FINANCE Minister Vassos Shiarly yesterday sought to put to rest talk that international lenders wanted to harm Cyprus, reminding that they would be providing the island with much-needed funds it could not get anywhere else.
“I do not believe the troika is coming here to harm the economy if this is the message some people want to give. It is not the case,” Shiarly told the state broadcaster.
To secure the cash, Cyprus must agree to certain conditions – an adjustment programme which includes measures, especially concerning the public sector, that have prompted the reaction of unions.
They are coming to finance Cyprus at a rate of 2.0 to 3.0 per cent “which we could not find any other way,” Shiarly said.
High bond yields have effectively shut Cyprus out of international markets since May 2011.
The government secured a €2.5 billion loan from Russia at the end of 2011 but the heavy losses incurred by the island’s biggest banks after the Greek debt write-down forced it to seek assistance from its EU partners in June.
The minister acknowledged that people were worried about certain conditions recommended by the troika.
“We also worry about some of the recommendations (but) all this can be resolved in a serious negotiation,” Shiarly said.
The minister said he expected talks with the lenders to start next week after the government finalises its counter-proposals over the weekend.
After dragging its feet for a couple of months, the government is now scrambling to meet a November 12 deadline or risk running out of cash.
After November 12 - the next meeting of the Eurogroup - it would take the parliaments of individual eurozone nations about six weeks to sanction the Cyprus memorandum.
Meanwhile, Standard & Poor's on Wednesday downgraded Cyprus three notches to "B" from "BB" with a negative outlook, saying electoral considerations contributed to "policy inertia".
“It does not please us at all but it’s a fact that developments do not help the Cypriot economy,” the minister said. “We should not be surprised each time there is a negative assessment.”
It was not a chance that the opposition would miss.
“The new downgrade reflects the dire reality,” DISY spokesman Haris Georgiades said. “Cyprus’ creditworthiness has deteriorated because the government has not yet negotiated a support package while external and fiscal risks have increased.”
Georgiades said the government would now have to negotiate under suffocating timeframes brought about by its inaction.

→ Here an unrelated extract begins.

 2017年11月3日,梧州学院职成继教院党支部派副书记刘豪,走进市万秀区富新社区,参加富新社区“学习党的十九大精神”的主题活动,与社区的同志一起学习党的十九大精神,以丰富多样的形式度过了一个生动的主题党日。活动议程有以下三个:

“We hope that the government, realizing the hard reality, will eventually present the troika with a reliable and effective package,” DIKO spokesman Fotis Fotiou said.

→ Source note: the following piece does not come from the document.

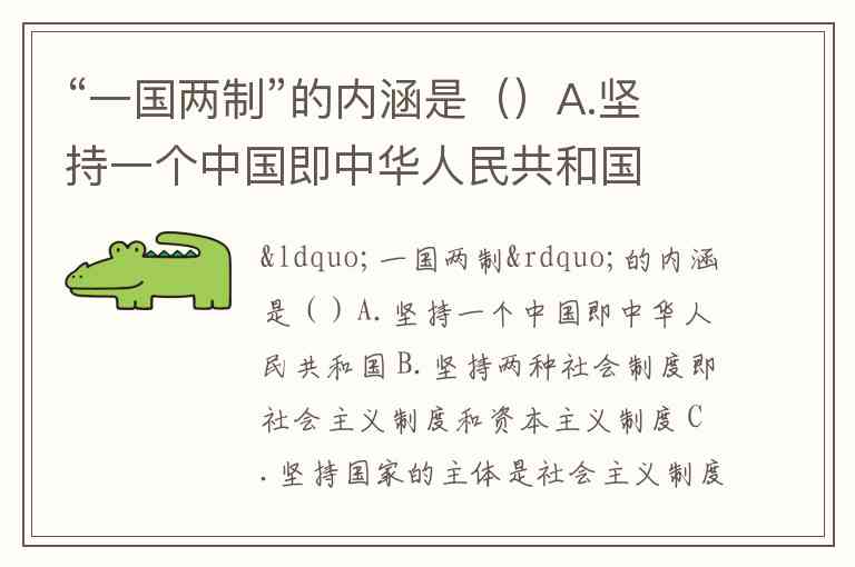 “一国两制”的内涵是()A.坚持一个中国即中华人民共和国 B.坚持两种社会制度即社会主义制度和资本主义制度 C.坚持国家的主体是社会主义制度,部分地区是资本主义制度 D.坚持运用法律手段解决大陆和特别行政区之间的矛盾

Ruling AKEL said the downgrade had been expected but denied that the reason was the delay in striking a deal with the troika.

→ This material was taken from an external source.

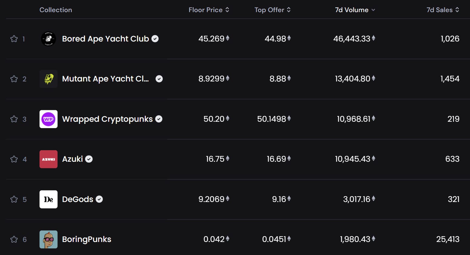 🔝 7D top collections by volume

“As the reason for the downgrade, the agency repeats the crisis of the banking system and the possibility that the need to support it would raise the public debt to an unviable 130 per cent of GDP by the end of 2013,” AKEL spokesman Giorgos Loukaides said.
At the same time the state broadcaster reported last night that the government has modified its proposals for savings in the public sector with greater salary cutbacks. It said that salaries between €1001 and €1500 would be slashed by 6.5 per cent (instead of by 5 per cent); from €1501 to €2000 by 8.5 per cent; from €2001 to €3000 by 9.5 per cent; €3001 to €4000 by 11.5 per cent (instead of by 11 per cent); and €4000 and over by 12.5 per cent (instead of by 12 per cent). No cuts will be made to salaries under €1000.